Und ein älterer Artikel im Tagi vom 14. April, 2023:
Es sind ausschliesslich die starken, von zu Hause geförderten Schülerinnen und Schüler, die damit gut zurechtkommen. Mittelmässige Lernende, erst recht schwache, sind auf ihr geringes Selbstwirksamkeitsgefühl zurückgeworfen und resignieren schnell. Die in den Kinderarztpraxen chronische Zunahme an psychosomatischen Problemen und psychiatrischen Diagnosen unter der heutigen Schülerschaft erstaunt demnach nicht.

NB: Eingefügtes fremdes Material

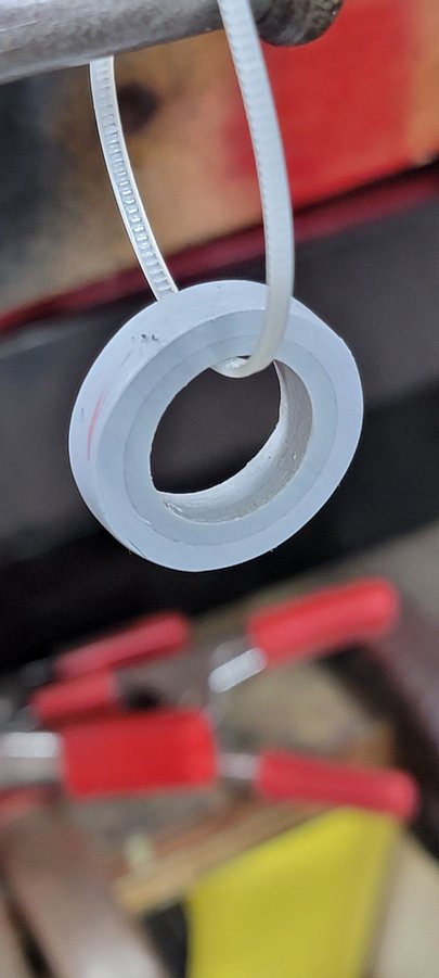 I glued the coupler on to the pipe then cut it to the size I wanted. About 1/4" thick. Then ran a 41/64 drill bit down the middle to auger it out to an internal diameter of 5/8 (16mm). Painted it with SEM Landau black.

Die Forderung zur Rückkehr von Kleinklassen müsste ernst genommen werden. Es ist eigentlich verwunderlich, dass beim Lehrplan 21 die Architekten der neuen Bildungslandschaft nicht schon vor der Inkraftsetzung des Lehrplanes erkannt hatten, dass die Inklusion in eine Sackgasse führt. Es war vorhersehbar, dass es zu Konflikten kommen muss, wenn Lehrpersonen in einem Freiraum einerseits kreativ sein sollten, aber anderseits von oben standardisiert, reglementiert und durch Inklusion beeinträchtigt werden. Wenn eine Lehrerin oder ein Lehrer ohne Unterstützung nicht mehr allein unterrichten kann, stimmt etwas nicht mehr. Gute Schüler sind unterfordert und die schwachen überfordert. Lehrkräfte können dem Kernauftrag nicht mehr gerecht werden.

Die Verantwortlichen der integrativen Schule haben kein grosses Verständnis für die Kritik. Sie glauben daran, dass Kinder mit besonderen Bedürfnissen, die eine Regelschule besuchen, deutlich bessere Leistungen zeigen. Anstatt die Situation zu verbessern, sprechen sie von einer ``grosser Herausforderung". Handlungsbedarf sehen sie bei der besseren Zusammenarbeit der Regelklassenlehrpersonen und den sonderpädagogischen Fachpersonen. Man stehe erst auf halbem Weg. Es brauche Zeit, bis man am Ziel sei. Der Wechsel sein noch nicht abgeschlossen. Auch wenn nicht alles rund laufe, so sei man auf dem richtigen Weg. Man benötige lediglich mehr Ressourcen, finanziell und personell.

Wer sich auf einen Holzweg begibt, ist gut beraten, umzukehren. Lieber früher als später. Wenn in der Pädagogischen Landschaft künftig wieder bewährte Erfolgswege beschritten würden, so wäre dies ein Fortschritt. Veränderungen ja, aber nur, wenn sie zu Verbesserungen führen. Ein Schritt zurück kann auch zu einem Schritt zu einer erfolgreichen Zukunft werden. Gut ist immerhin, dass die Medien erkannt haben, dass unliebsame Themen nicht unter den Teppich gekehrt werden dürfen. Dies ist erfreulich. Mögen die Bildungspolitiker nun den Mut und die Grösse haben, auf dem Holzweg den Rückwärtsgang einzuschalten.